Standardized regression coefficients can be obtained using lm.beta, from the lm.beta package
#Finding Standard regression Coefficients of the equation (with 7 variables)
library(lm.beta)
## Warning: package 'lm.beta' was built under R version 3.3.2
lm.beta(avgwin)
##
## Call:
## lm(formula = pga$AverageWinnings ~ pga$Age + pga$AverageDrive +
## pga$DrivingAccuracy + pga$GreensonRegulation + pga$AverageNumofPutts +
## pga$SavePercent + pga$NumEvents)
##
## Standardized Coefficients::
## (Intercept) pga$Age pga$AverageDrive
## 0.00000000 -0.06831285 -0.01425906
## pga$DrivingAccuracy pga$GreensonRegulation pga$AverageNumofPutts
## -0.22790216 0.43883140 -0.29706575
## pga$SavePercent pga$NumEvents
## 0.13960500 -0.27161322
We can determine the infuence of each of the variables using the standardized regression coefficients.

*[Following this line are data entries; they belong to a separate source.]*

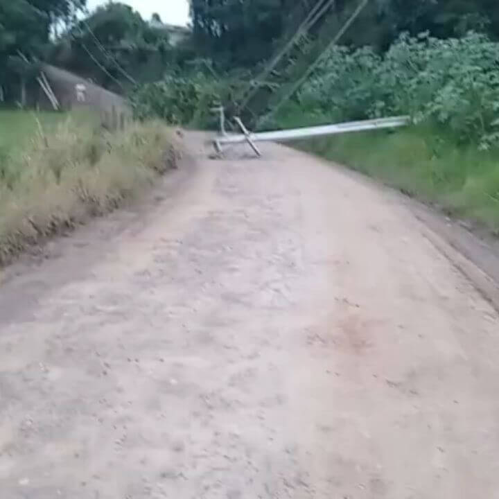 Moradores relataram acúmulo de galhos na via após o incidente. Em situações semelhantes, a orientação é evitar se aproximar da área atingida, especialmente se houver risco de novos deslizamentos de vegetação, e acionar os serviços de emergência para a retirada segura do material.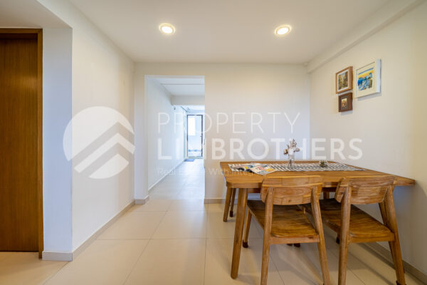 Entering into a squarish living and dining area, the unit is well-lit with the natural sunlight that is abundant with its high-floor, unblocked front and back. With its positioning, there’s also good crosswind ventilation and a view of East Coast Park from the front. Compared to other units with similar features, this unit is also much quieter due to the good distance and setback from the ECP expressway from the carpark located in front of the block. If accessibility is what you’re looking for, fret not! It’s just a 10-minute walk to Marine Parade Central Market and Food Centre and supermarket. Parkway Parade is an additional 5-minute walk away and is just adjacent to the future Marine Parade MRT. To top it all off, this property is just an underpass access away to East Coast Park.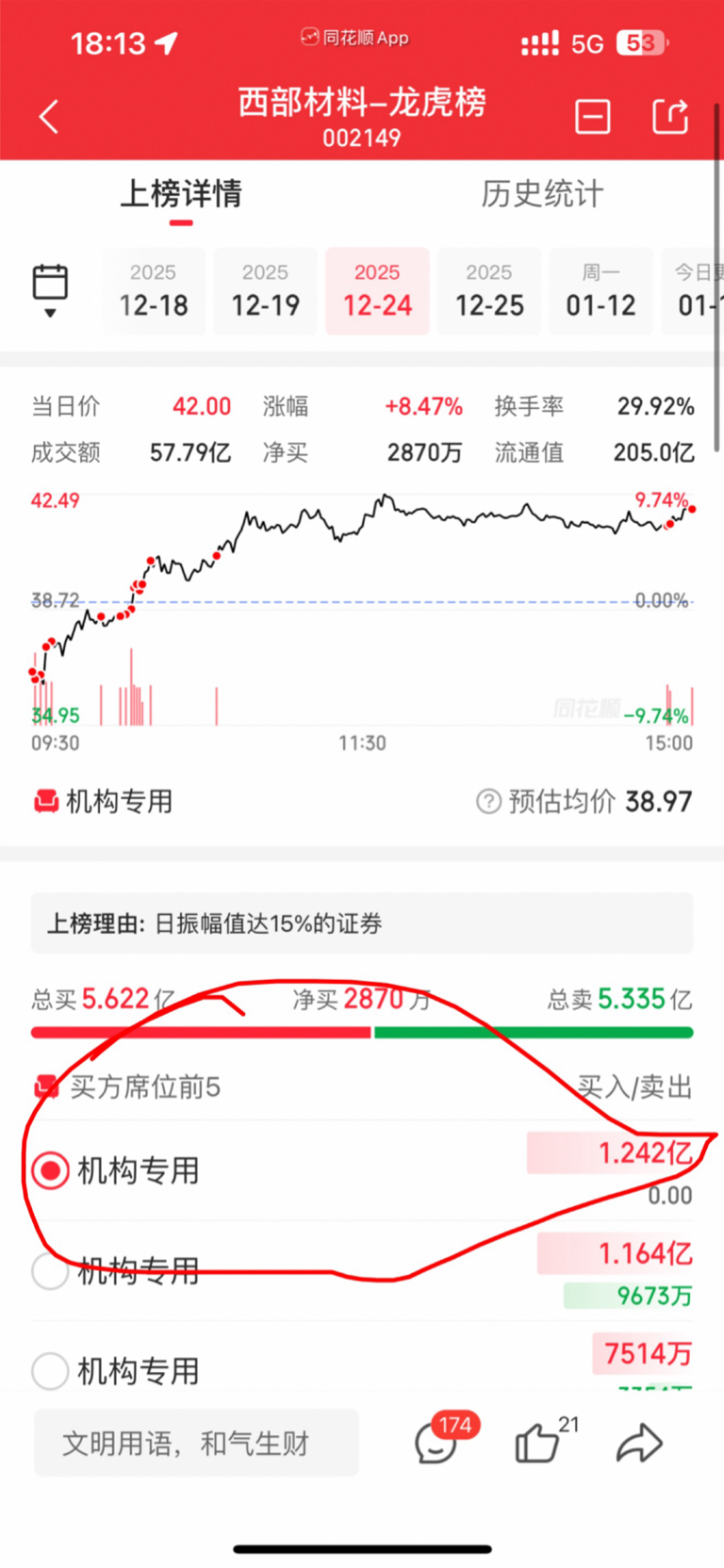 $西部材料(SZ002149)$ 24号机构建仓,今天有机构吸筹,异动票里面西部算是最好看的一只了,价41.8附近,大胆吸,比机构高不了多少的建仓成本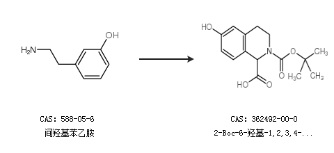 1.通过间羟基苯乙胺合成2-Boc-6-羟基-1,2,3,4-四氢异喹啉-1-甲酸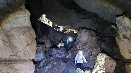 Arriving at the starting point of the activity, we started our caving trip today, going up the mountain and finding a suitable place for lunch.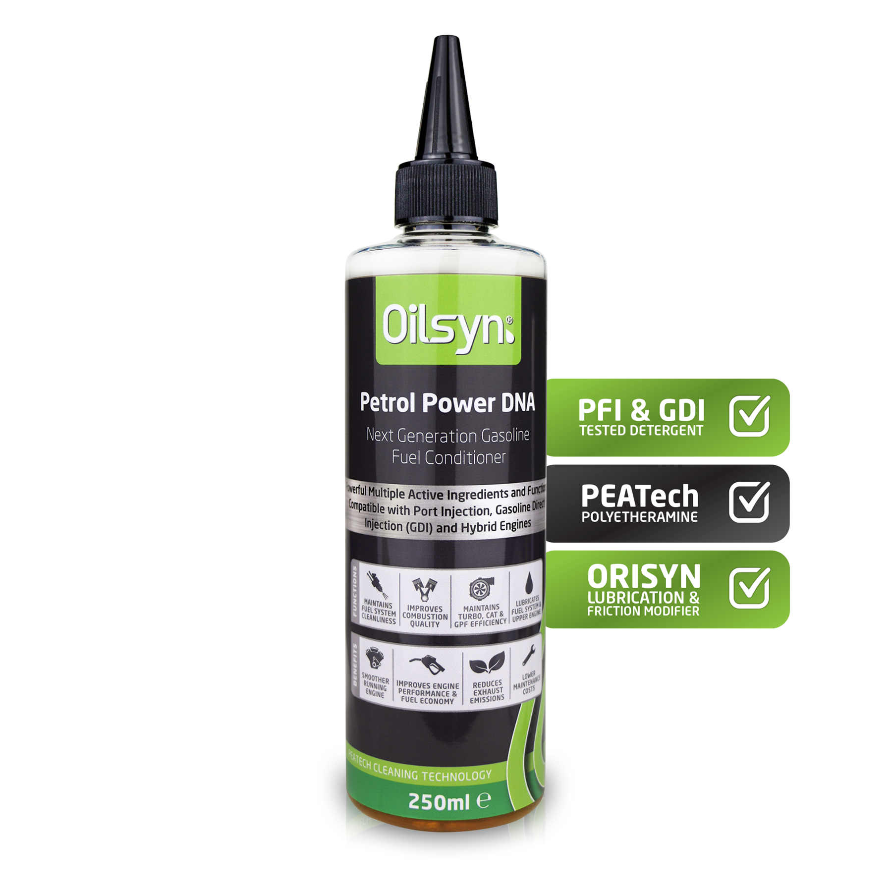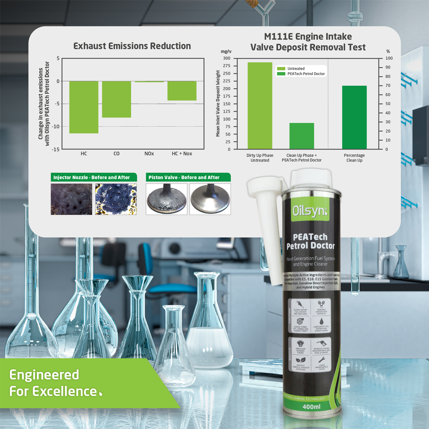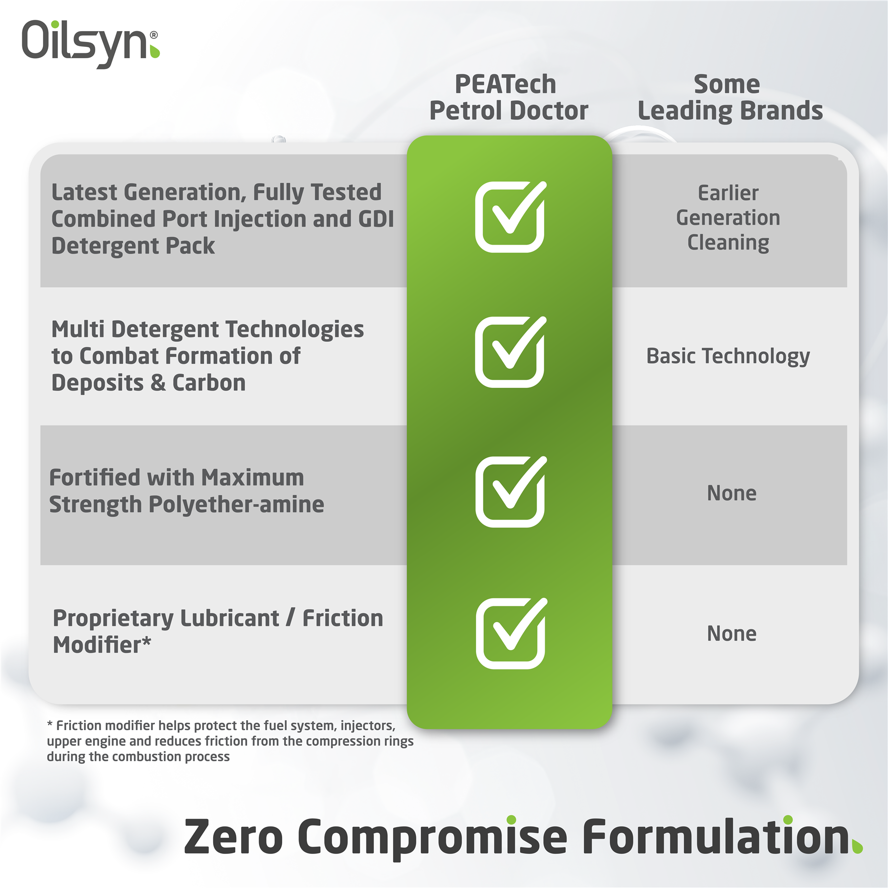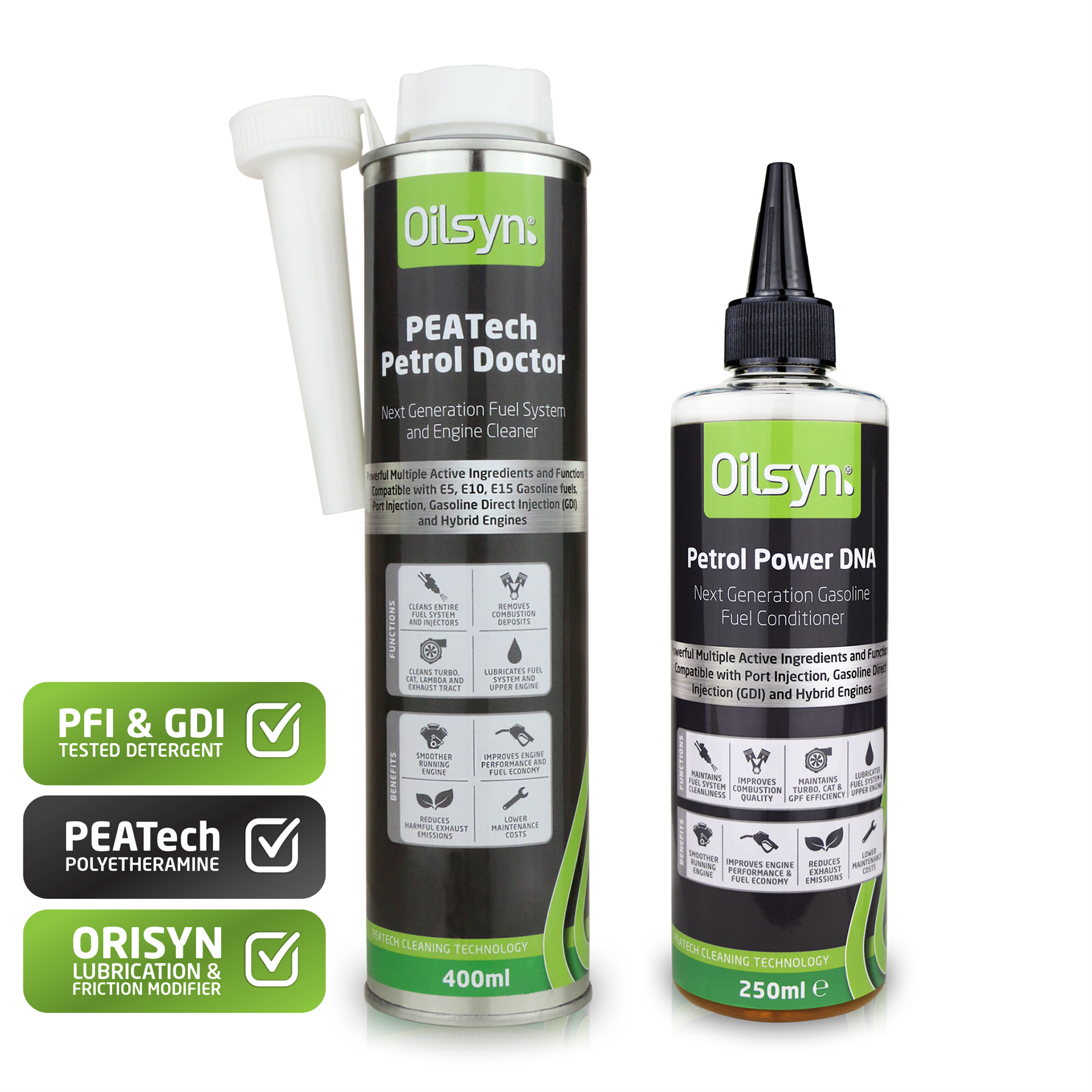 Oilsyn PEATech Petrol Doctor uses a proprietary formulation of active polyetheramines combined with a new dedicated Gasoline Direct Injection (GDI) detergent to safely remove deposits from the fuel system, engine, turbo and catalytic convertor. The combined detergent delivery makes PEATech suitable for both older port injection and modern high-pressure GDI engines that are prone to injector and intake valve fouling. Deposits are systematically and safely removed from critical fuel system and engine components.

We can conclude that Greens on regulation has the highest influence followed by Average # of putts
Multicollinearity can be verified by using VIF (Variable Inflation Factor). Using this for our original dataset:
# using the vif function
final<-lm(pga$AverageWinnings~pga$DrivingAccuracy+pga$GreensonRegulation+pga$AverageNumofPutts+pga$SavePercent+pga$NumEvents)
library(car)
## Warning: package 'car' was built under R version 3.3.2
vif(final)
## pga$DrivingAccuracy pga$GreensonRegulation pga$AverageNumofPutts
## 1.129399 1.151848 1.184846
## pga$SavePercent pga$NumEvents
## 1.180236 1.017764
Largest vif value is 1.184846 (< 10), so this data set doesn’t suffer from multi-collinearity.